In a recent post I said that one of the things that dissuades us from accepting the existence of a truly Platonic mathematical world, or believing in the timeless existence of its forms independent of human minds, is the habit we have of distinguishing ourselves from the rest of nature, despite all the evidence we’ve seen of nature’s tightly knit oneness.   This is why Plato came to mind for me again, when I read an article about how fish can count.

The article describes some of the findings published in an animal cognition paper.  Researchers found that angelfish can successfully distinguish between various sized angelfish groups, provided the groups differ by at least a 2:1 ratio.

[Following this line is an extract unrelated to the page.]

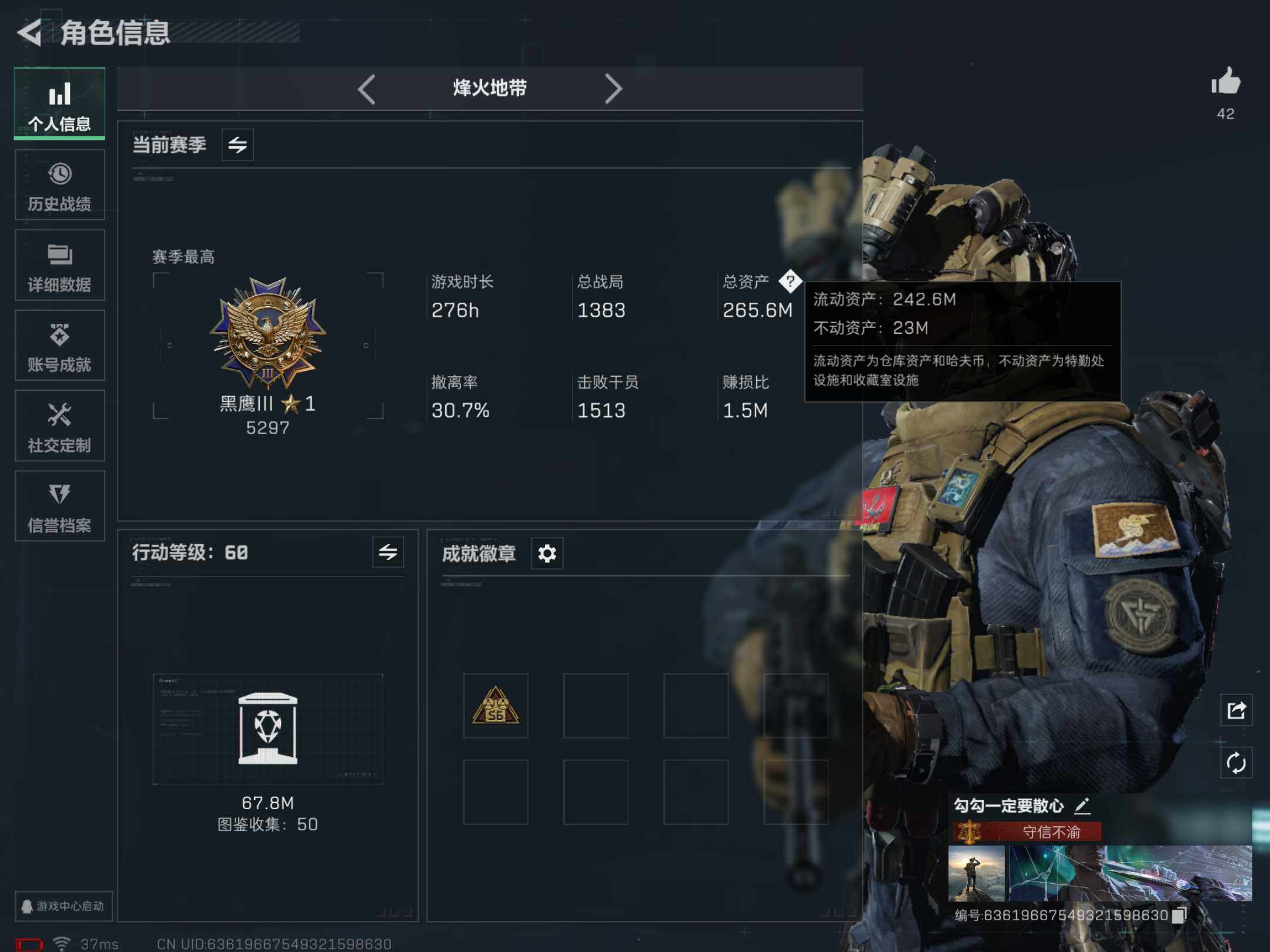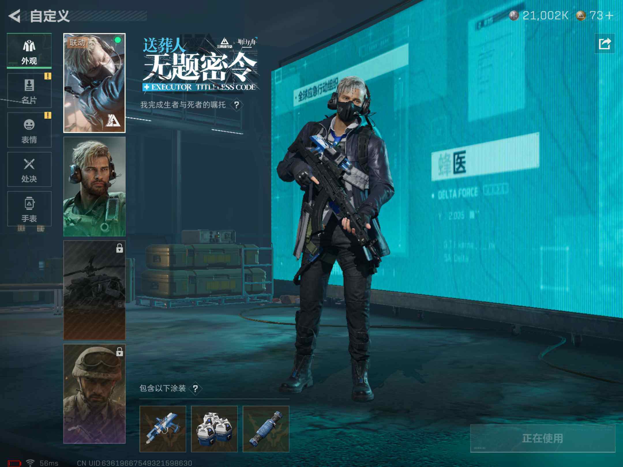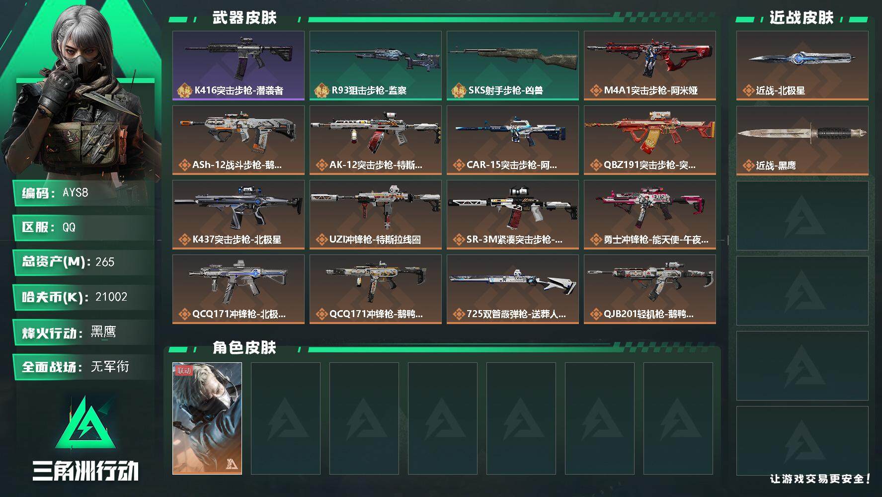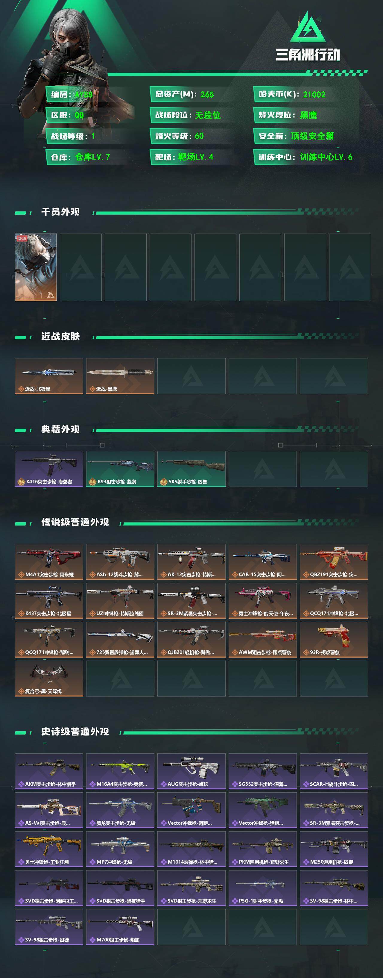 [13566785]可二次【店主推荐捡漏号!可直接换绑】总资产265m 21002k哈伏币-174m流动资产-60烽火等级-黑鹰-1战场等级-无军衔【干员外观】:蜂医-送葬人·无题密令【近战皮肤】:近战-北极星,近战-黑鹰【典藏外观】:K416突击步枪-潜袭者,R93狙击步枪-监察,SKS射手步枪-凶兽【传说级普通外观】:M4A1突击步枪-阿米娅,ASh-12战斗步枪-鹅鸭杀,AK-12突击步枪-特斯拉线圈,CAR-15突击步枪-阿米娅,腾龙突击步枪-捞点薯条,K437突击步枪-北极星,UZI冲锋枪-特斯拉线圈,SR-3M紧凑突击步枪-特斯拉线圈,勇士冲锋枪-能天使-午夜邮差,QCQ171冲锋枪-北极星,QCQ171冲锋枪-鹅鸭杀,725双管霰弹枪-送葬人-无题密令,QJB201轻机枪-鹅鸭杀,AWM狙击步枪-捞点薯条,93R-捞点薯条,复合弓-黑·天际线【史诗级普通外观】:AKM突击步枪-林中猎手,M16A4突击步枪-竞赛选手,AUG突击步枪-蝮蛇,SG552突击步枪-深海恐惧,SCAR-H战斗步枪-囚徒,AS Val突击步枪-典狱官,腾龙突击步枪-无垢,Vector冲锋枪-阿萨拉文明,Vector冲锋枪-猎鳄行动,SR-3M紧凑突击步枪-荒野求生,勇士冲锋枪-工业狂潮,MP7冲锋枪-无垢,M1014霰弹枪-林中猎手,PKM通用机枪-荒野求生,M250通用机枪-囚徒,SVD狙击步枪-阿萨拉工艺,SVD狙击步枪-暗夜猎手,SVD狙击步枪-荒野求生,PSG-1射手步枪-无垢,SV-98狙击步枪-林中猎手,SV-98狙击步枪-囚徒,M700狙击步枪-蝮蛇【稀有级普通外观】:M4A1突击步枪-前沿科技,K416突击步枪-虎啸,AUG突击步枪-指挥官,AUG突击步枪-前沿科技,M7战斗步枪-前沿科技,SCAR-H战斗步枪-荣耀列队,PTR-32突击步枪-天网,PTR-32突击步枪-英雄,腾龙突击步枪-雪崩,腾龙突击步枪-前沿科技,MP5冲锋枪-前沿科技,MP5冲锋枪-弄臣,MP5冲锋枪-虎啸,P90冲锋枪-浅鲨小队,P90冲锋枪-新生,Vector冲锋枪-先锋,UZI冲锋枪-前沿科技,野牛冲锋枪-前沿科技,SMG-45-行动开启,SMG-45冲锋枪-幻影结构,SMG-45冲锋枪-天网,SR-3M紧凑突击步枪-前沿科技,SR-3M紧凑突击步枪-雪崩,M1014霰弹枪-幻影结构,M250通用机枪

Data has also been collected that suggests that these fish can, more precisely, distinguish between the quantities 2 and 3.  Since the 2:1 ratio doesn’t apply here, it is believed that this talent arises from a different neural mechanism.  Researchers say that there is no reason the fish could not get beyond 3, but rather that there has been no particular advantage to them doing so.

A good deal of work has been done on the presence of some number sense in babies and other animals, often mammals.  But these fish findings got my attention because fish, in our understanding of evolution, show up a few hundred million years earlier than mammals.  And Robert Gerlai, who conducted much of the research in the article, played right into that observation when he said that given how widespread the basic math-related skills are throughout the animal kingdom, it’s possible that the action of counting, “could have arisen in one ancestral species from which all species with this ability evolved.”

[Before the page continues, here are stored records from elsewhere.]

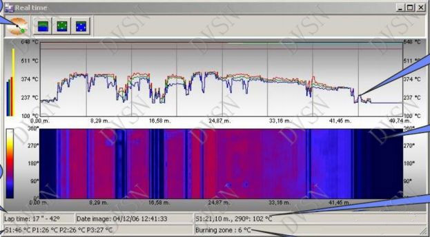 在實(shí)時(shí)畫(huà)面中查看爐窯各個(gè)區(qū)域最高溫度值、最低溫度值與平均溫度值,并能分析定位轉(zhuǎn)窯內(nèi)部結(jié)焦或耐火泥、耐火磚脫落位置與狀態(tài);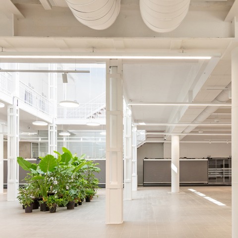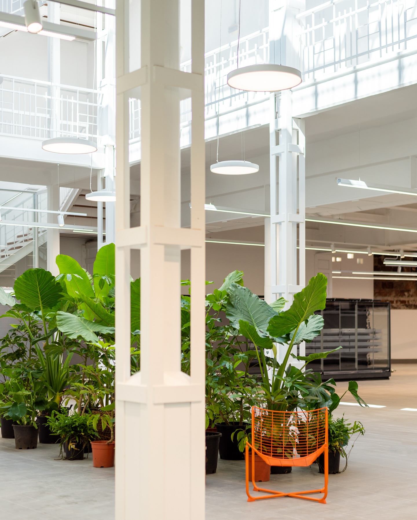 - Se ha restaurado el atrio central de la fábrica en su configuración original y devolviéndole su papel como espacio articulador del conjunto que aporta gran amplitud y luz natural al interior. En este espacio se han conservado las carpinterías de madera y las barandillas de fundición remachadas estilo art decó.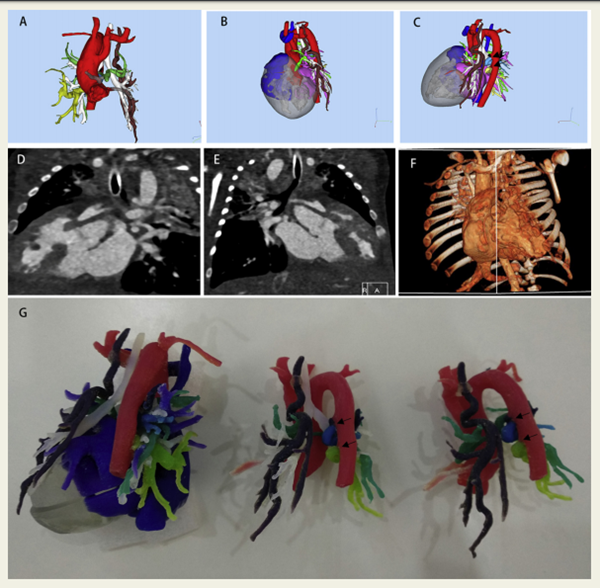 D–F。放射圖像和分割。副血管在CT圖像中不明顯。 G.最終的三維打印模型。 * C和F中的箭頭表示MAPCA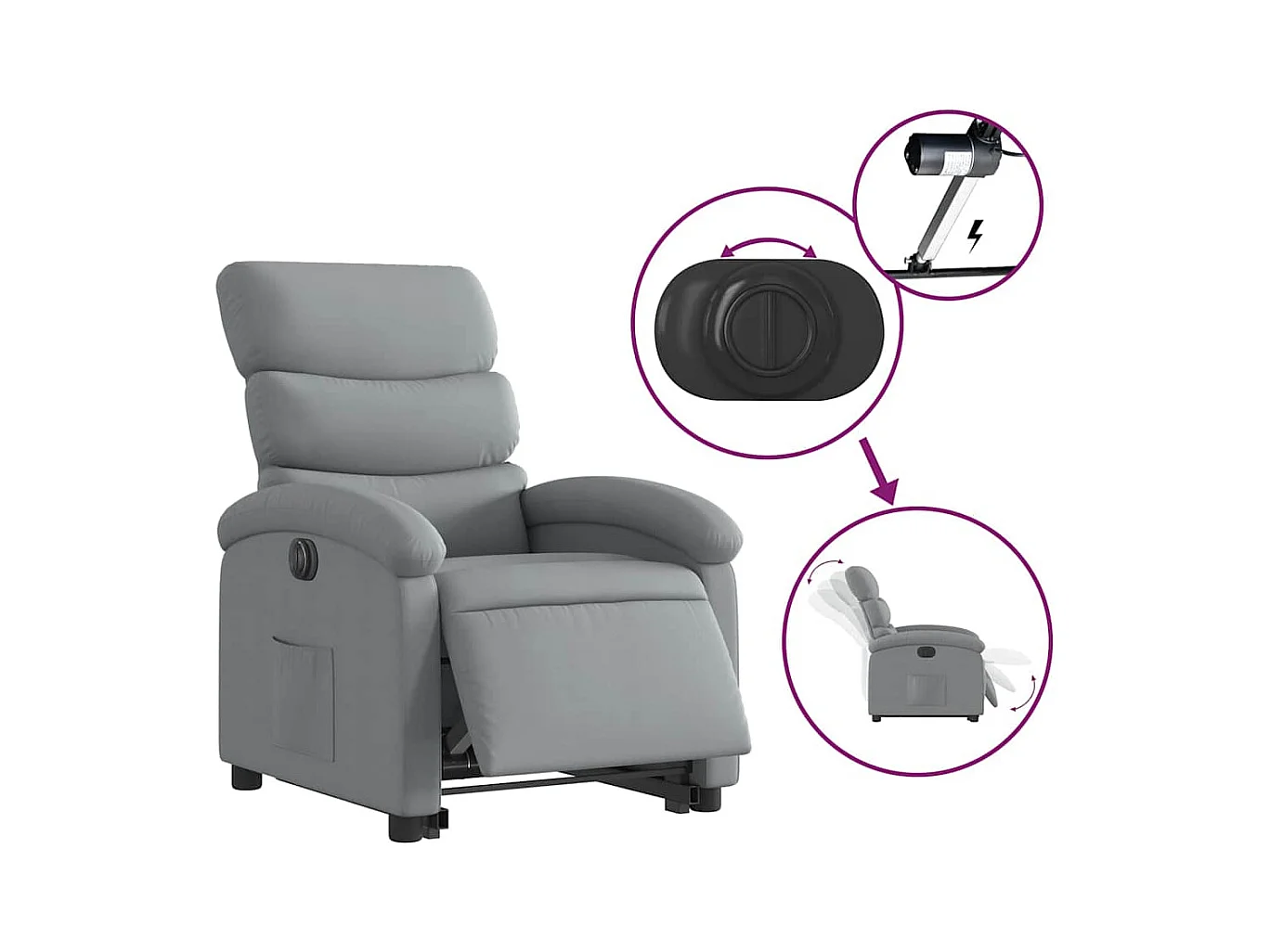 Poltrona Confortável | Poltrona reclinável elevatória elétrica couro artificial cinza SHL238331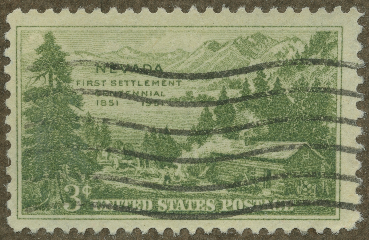Frimärke från USA, 1951. Motiv av första nybyggarstugan i Nevada. "100-årsminne: 1851-1951".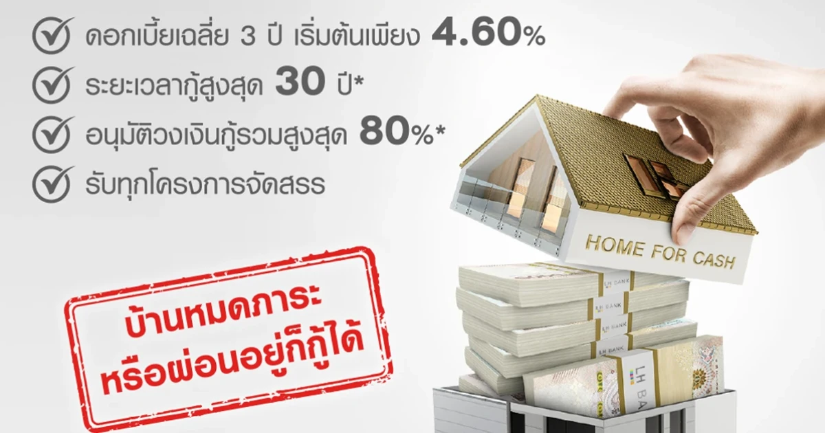 บ้านหมดภาระ หรือผ่อนอยู่ก็กู้ได้ เปลี่ยนบ้านเป็นเงินก้อน ดอกเบี้ยเริ่มต้นเพียง 4.60% ต่อปี
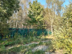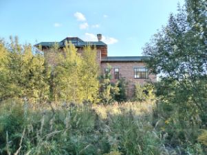 Участок обнесен забором, окружен лесом, на участке взрослые лиственные деревья, 3 объекта незавершенного строительства (дом, гараж, гостевой дом).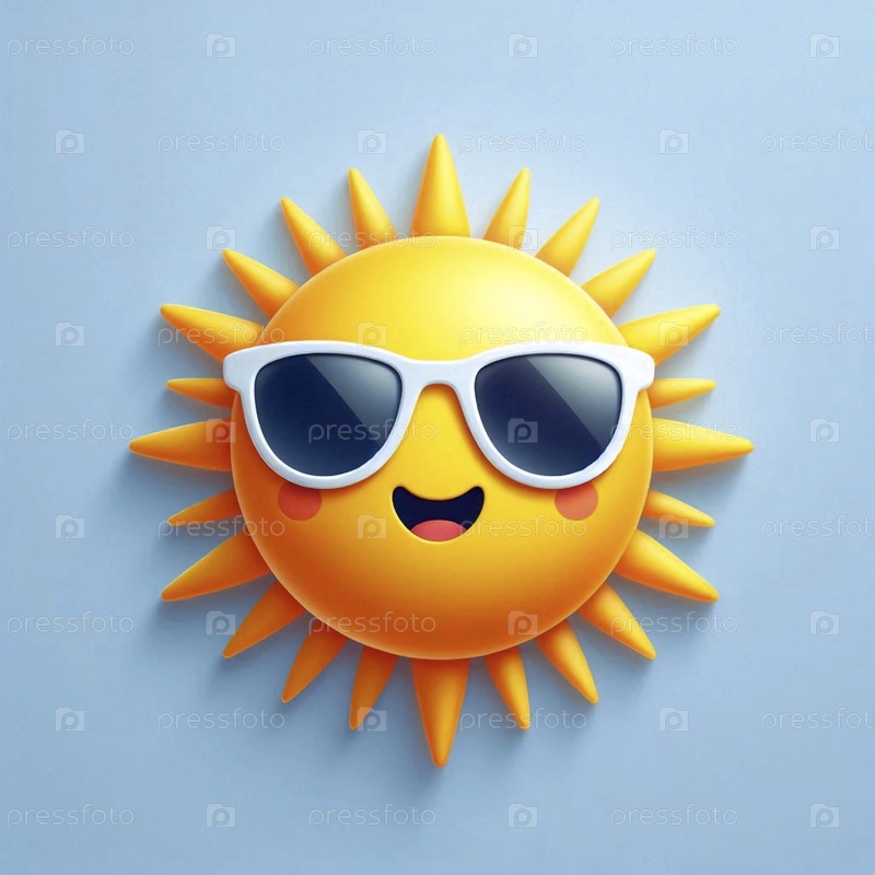 Улыбающееся солнце с солнечными очками, Ai generated image

What all of this suggests to me is a kind of biological underpinning of mathematics that can’t be disassociated from the world itself, or the universe for that matter.   Everything neurological has its source in the signaling talent of individual cells, ultimately tied to the substances of stars.  If counting grows out of this as does, breathing, digestion, movement and later memory and imagination, then it may be that Plato intuited that mathematics, as a thoughtful pursuit, was tapping into something very fundamental, something not quite ours, whose truth value was greater than the particulars to which we applied it.  It seems inevitable that we will find that mental processes are as exploratory as the work of the senses.

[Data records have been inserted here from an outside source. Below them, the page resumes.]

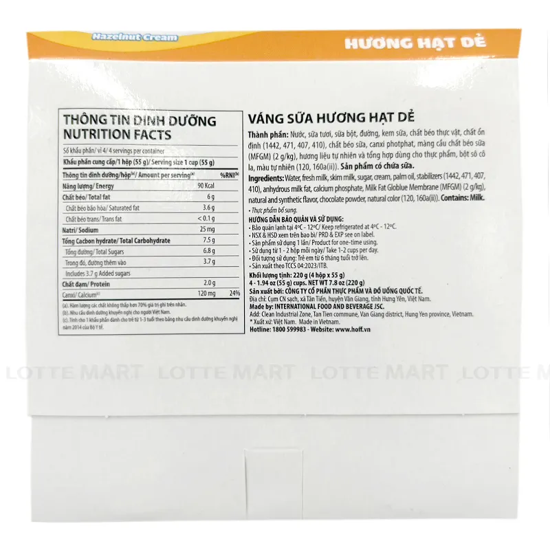 Váng Sữa Hoff Hạt Dẻ Lốc 4 Hũ 55G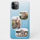 This light summer sky blue and white colored iPhone case is a perfect way to showcase your loved ones and express your personality. It has room for 3 photos of your family, pets, or friends, which you can easily upload and adjust. You can also customize it with a short text or name of your choice. This iPhone case is made of durable material that protects your phone from dust, scratches, wear and tear, and drops, while adding a touch of warmth and charm to your everyday look. This design is available in iPhone 6, 7, 8, 10 or X, XR, XS, 11, 12, 13, 14, and 15 Mini and Pro Max cellphone cases. Show off your style, look fashionable trendy, and feel stylish with a unique design on a mobile device accessory of your choice.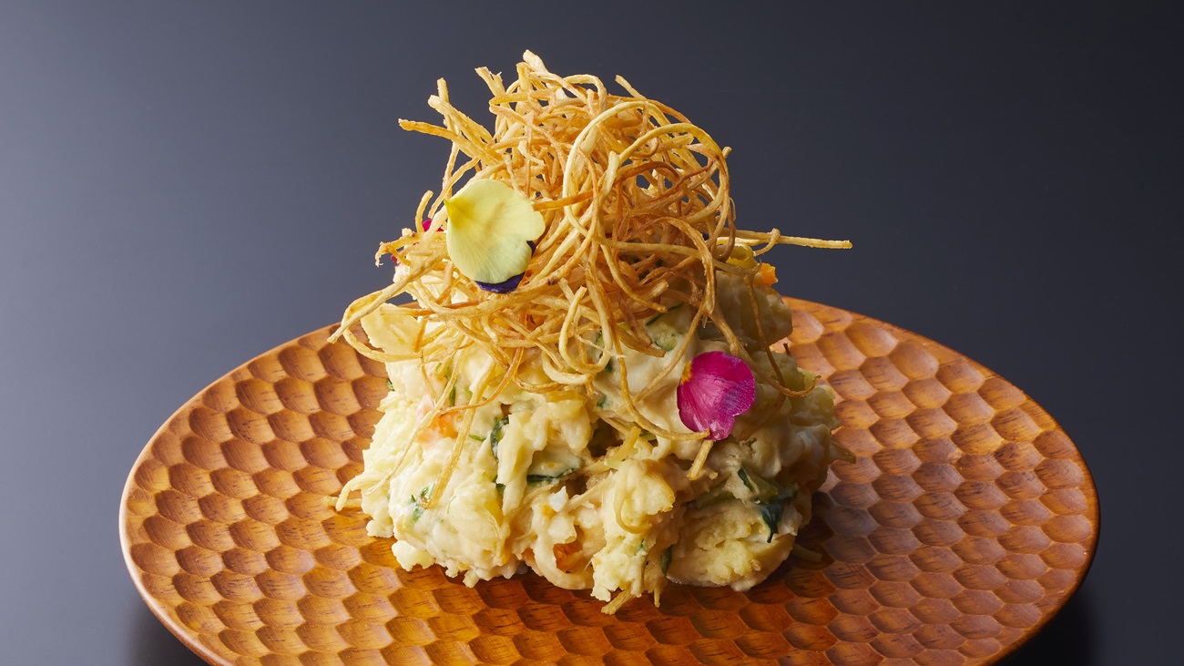 新じゃがいもの瑞々しさと、白味噌のまろやかな甘味とコクを楽しめるポテトサラダです。素揚げのごぼうとお召し上がりになることで、二重の食感を味わえます。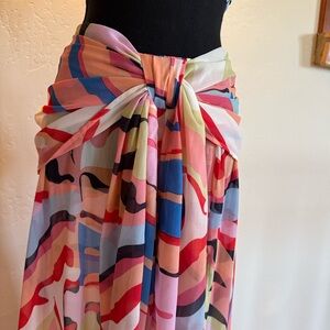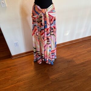 Vibrant halter and maxi skirt set. Skirt is very airy and is semi sheer. Side slit. Back zip. Halter is lined and has zero show through. Elastic back is pull over for a very easy fit. Colors are fabulous. Never wore.

I’ll close with a quote from Alain Connes:

One of the essential things a mathematician does is recognize the internal coherence and generative character belonging to certain concepts.  It happens that very simple concepts can suggest all sorts of ideas or models.  Investigating these, one truly has the impression of exploring a world step by step — and of connecting up the steps so well, so coherently, that one knows it has been entirely explored.  How could one not feel that such a world has an independent existence?